For a field $F$ with finite extensions $K$ and $K'$, is it true that $[KK' : F] [K\cap K':F] = [K:F][K':F]$?

Question

I'm assuming that all these fields are contained in some larger field $\Omega$. Assume (if it helps) that $K'$ and $K$ are separable over $F$. For the examples of $\mathbb{Q}(i)$ and $\mathbb{Q}(e^{2\pi i/3})$ over $\mathbb{Q}$, or if $F\subset K\subset K'$, it appears to be true. But is it true in general?

Answer 1

If at least one of the extensions $ K/F $ or $ K'/F $ is Galois, then this follows from natural irrationality.
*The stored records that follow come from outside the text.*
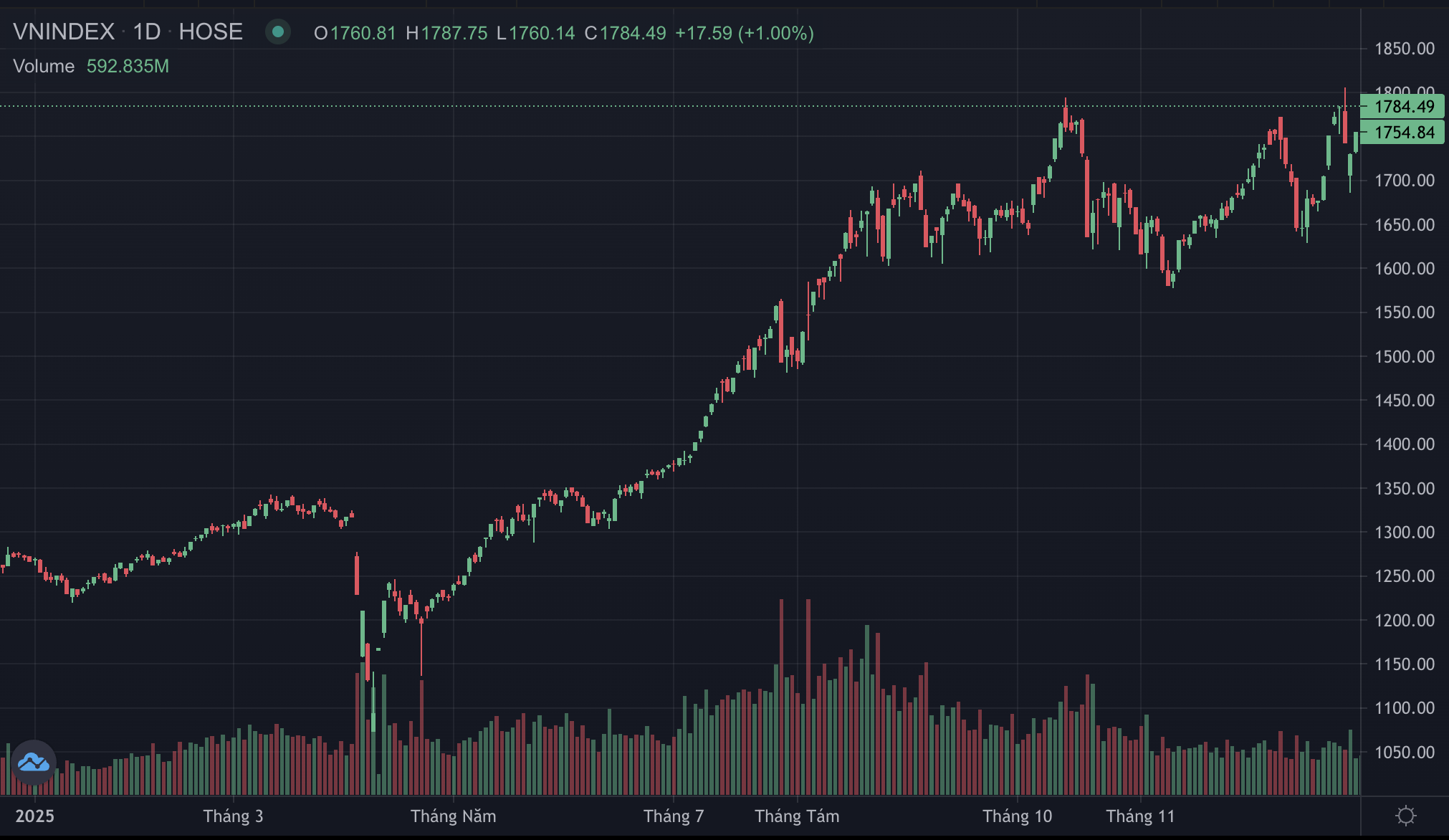 Năm 2025, thị trường chứng khoán cũng ghi nhận kỷ lục mới về điểm số, có thời điểm VN-Index đã giao dịch trên mốc 1.800 điểm. Chốt phiên giao dịch ngày 31/12/2025, VN-Index tăng gần 41% so với đầu năm.
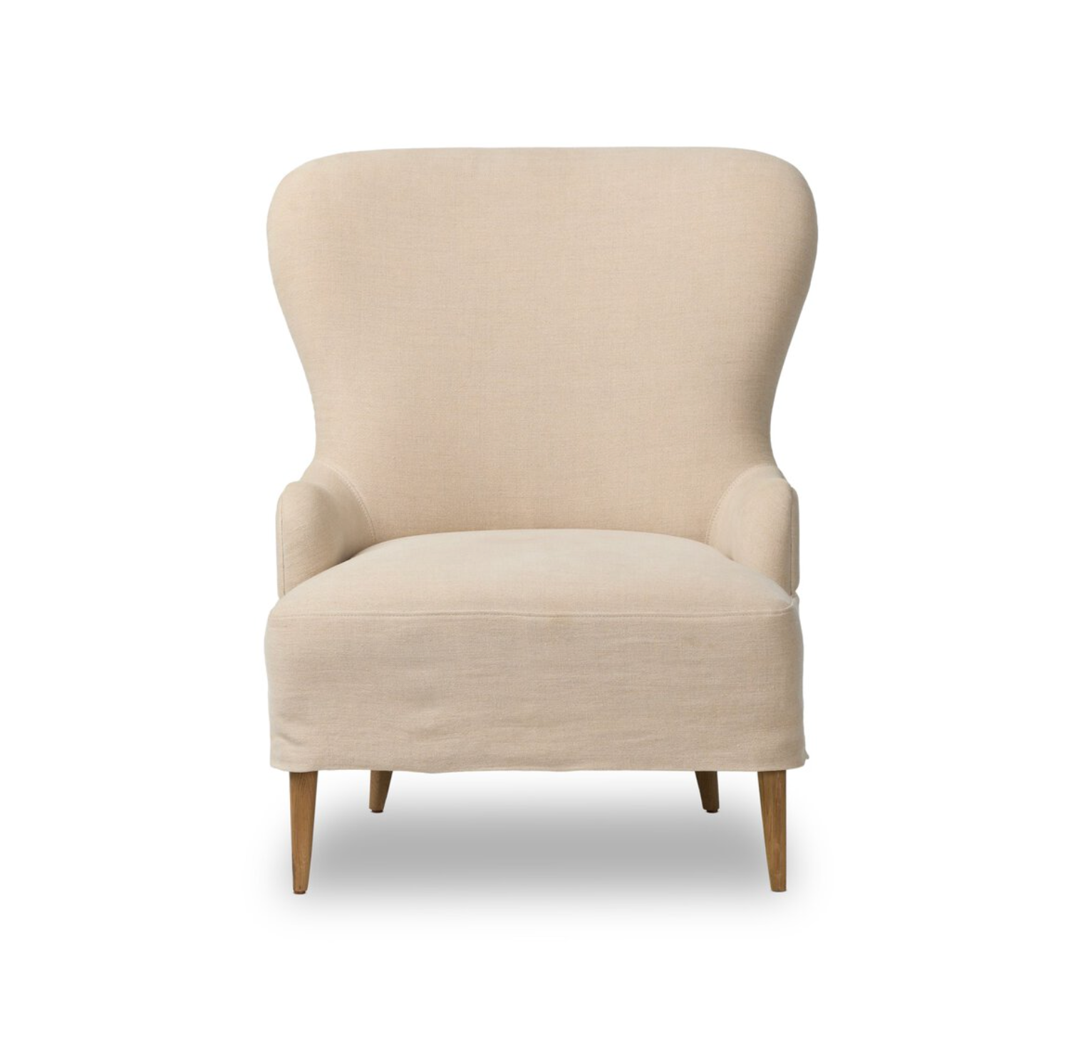 The classic wingback gets a fresh reboot. Upholstered in a flax/linen blend, with a skirted seat for a casual look and foam seating plus S-spring suspension for comfort. Framed out by aged smoked oak. A design collaboration by Amber Lewis and Four Hands.
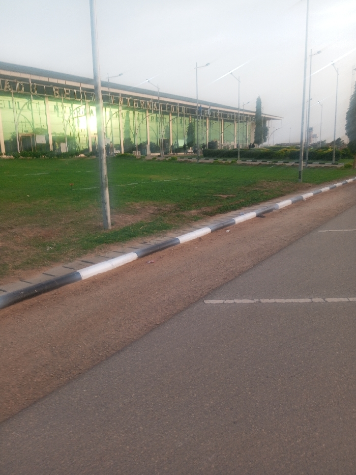 paved road with a white and black curb separating it from a grassy area. In the background, a large building with a glass facade is visible. There are several lamp posts along the side of the road. The image was taken at the Nnamdi Azikiwe International Airport in Abuja, Nigeria. There are no people visible in the image. The sky is overcast and the time of day is likely late afternoon or early evening.

Indeed, wlog assume $ K/F $ is Galois; then the map $ \textrm{Gal}(KK'/K') \to \textrm{Gal}(K/K \cap K') $ given by restriction to $ K $ is an isomorphism by Galois theory, thus we have the equality $ [KK' : K'] = [K : K \cap K'] $; substituting this immediately gives the desired result. However, if neither of them are Galois, then the equality can fail. For instance, let $ M/F $ be any Galois extesion with Galois group $ S_5 $, and find subfields $ K, K' $ of degrees $ 60 $ and $ 24 $ over $ F $ respectively; for example, by taking the fixed fields of the subgroups generated by a $ 2 $-cycle and a $ 5 $-cycle. These intersect trivially, since any $ 2 $-cycle and $ 5 $-cycle generate the group $ S_5 $; so plugging into the identity gives $ 60 \cdot 24 = 120 $, which is absurd.

For a concrete example, take $ F = \mathbf Q $ and $ M $ the splitting field of $ X^5 - 4X + 2 $ over $ \mathbf Q $.